* TASK DETAILS: Reproduce each line below precisely. Drop the pictures.

* GIVEN MATERIAL:
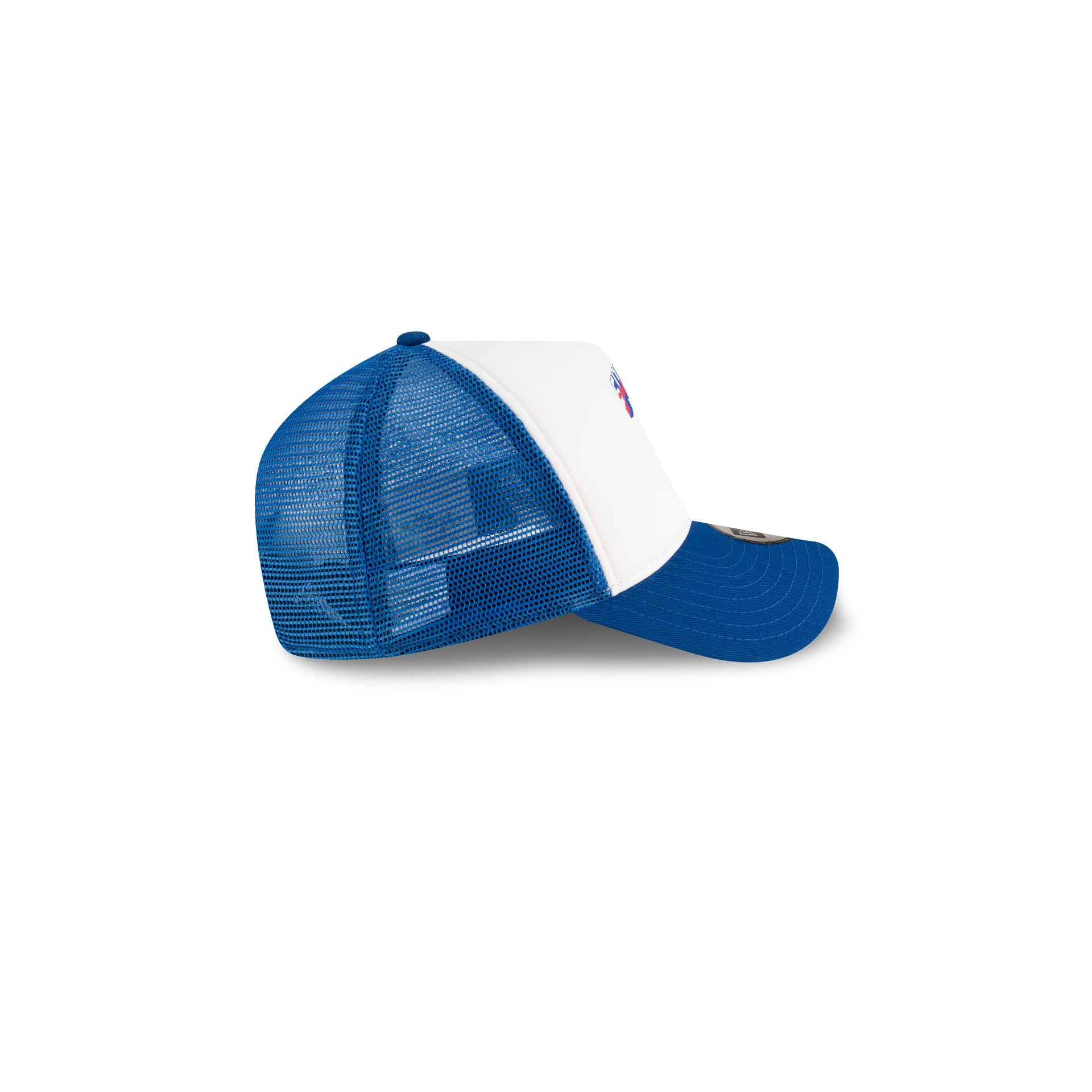 The Superman Kids Blue 9FORTY A-Frame Trucker features a screen-printed Superman graphic at the front panels against a plush fabrication. Additional details include a mesh back and a snapback closure at the rear.
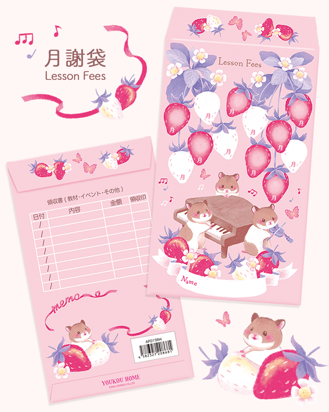 月謝袋のイラストとデザインを担当させていただきました。
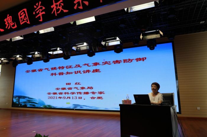 (2021年9月13日,安徽省气候中心总工程师田红,在东校区进行气象科普知识进校园活动讲座)
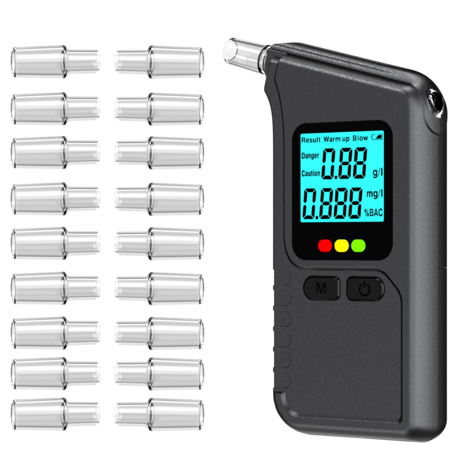 Yhtcwy Breathalyser Alcohol Tester, Portable Alcohol Breath Tester with 20Pcs Mouthpieces, Professional Breathalyser with LCD Digital Display, Breathalyzer for Home Party Use

* TASK RESULT:
 The Superman Kids Blue 9FORTY A-Frame Trucker features a screen-printed Superman graphic at the front panels against a plush fabrication. Additional details include a mesh back and a snapback closure at the rear.
 月謝袋のイラストとデザインを担当させていただきました。
 (2021年9月13日,安徽省气候中心总工程师田红,在东校区进行气象科普知识进校园活动讲座)
 Yhtcwy Breathalyser Alcohol Tester, Portable Alcohol Breath Tester with 20Pcs Mouthpieces, Professional Breathalyser with LCD Digital Display, Breathalyzer for Home Party Use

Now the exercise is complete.